Forgotten War, Tragic Peace

Renewed concerns about North Korea’s nuclear weapons program are reviving memories of “the forgotten war,” the war in Korea. But the real key to U.S. policy is the forgotten peace that began at the war’s end, 50 years ago.

The armistice of July 27, 1953, ushered in a new kind of peacetime: not a time of cooperation and harmony, not a time to change for the better, but only a time to contain threats and prevent changes that might make the world worse.

This conservative spirit is the tragic legacy of the Korean armistice. Still caught in its grip, we can scarcely think about how we might improve things for ourselves, the Koreans or the rest of the world.

When the Korean fighting began, most Americans assumed that peace meant defeating our opponents unconditionally, whether their sign was a swastika, a rising sun or a hammer and sickle. American troops were sent to Korea in the spirit of a crusade to vanquish an enemy. But they came home in 1953 with only a tie.
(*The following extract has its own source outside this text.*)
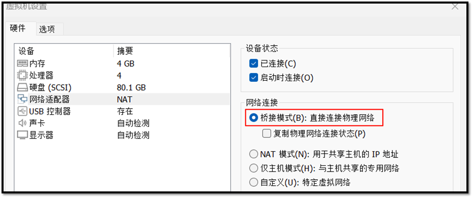 注意:校园网不能桥接,因为运营商做了限制,而且校园网需要认证(需要学号和密码,校园网不是自动分配,而是认证后才会分配),桥接只会让虚拟机成为独立设备,所以不行

The armistice did bring total victory on the policy front, in a battle fought here at home. The advocates of containing communism clearly defeated those led by General Douglas MacArthur who demanded unconditional surrender, even if securing it meant using nuclear weapons.

President Eisenhower, announcing the armistice to the nation, insisted that the United States had won in Korea, simply because it had stopped the enemy from winning. In the newly ascendant policy of containment, victory did not mean eliminating threats, but merely preventing those threats from eliminating us. The United States accepted the 38th parallel as a line dividing safety from danger in the Korean peninsula and, by extension, the world.

As long as the sources of danger stayed on their own side of the global dividing line, the “free world” would consider itself at peace. U.S. foreign policy, in Korea and around the world, got stuck at that point.

It remains there today, as the events of recent months have shown. Just as the war in Iraq seemed to be reviving the crusading language of World War II, North Korea announced its nuclear capability. It was another in North Korea’s long line of transparent bids for American respect.

The reaction of policy-makers in the United States hardly admits the possibility of a constructive “win-win” resolution to this new crisis. Instead, we have the same old options: contain, or crusade and conquer. Thus far, the advocates of containment seem to have the upper hand. North Korea’s rude boasts remind us that even a very minor power can force us to cancel the crusade if it plays its nuclear card adroitly.

Of course, U.S. leaders still proclaim their dedication to purifying the earth by defeating all evil, just as Eisenhower did in 1953. For all practical purposes, though, the lesson of the Korea armistice still prevails. We must share the world with forces we label as global perils, because we have no choice.

Unfortunately, the only kind of sharing most Americans can imagine is still endless containment. Many voices, in Korea and around the world, are urging U.S. leaders to move beyond the narrow confines of “contain or conquer” to explore possibilities for real cooperation. Yet the framework of our policy debate remains where it was fixed 50 years ago.

It is not surprising that we remain stuck in the past. When the Korean armistice enshrined containment, it made stability — preventing fundamental change — the preeminent goal of U.S. foreign policy. The alternative of cooperative effort toward fresh solutions was declared “unrealistic.” Peril was accepted as a permanent fact of life.

Perhaps that is why both the Korean war, which caused millions of casualties and decimated a whole nation, and the altered meaning of peace were so soon forgotten.

The fear of change still combines with fear of recurring threats to make the United States a conservative society. It prevents us from even considering new alternatives. We cannot see any options beyond military crusade and stalemate.

When war is too dangerous, our only goal is to preserve the stability of the status quo. We mobilize our forces to prevent change. We forget how to think about constructive initiatives that might yield solutions that could make everyone more secure.

Change need not require war. A society that chooses stalemate because war is the only alternative it can imagine is an impoverished society. It has no way to pursue, or even consider, new possibilities for cooperation and progress. Genuine security eludes it. Much has changed in the world these past 50 years, but not the inadequacy of meeting global threats solely with the two options of containment or conquest.


Ira Chernus is a professor of religious studies at the University of Colorado at Boulder and a writer for History News Service.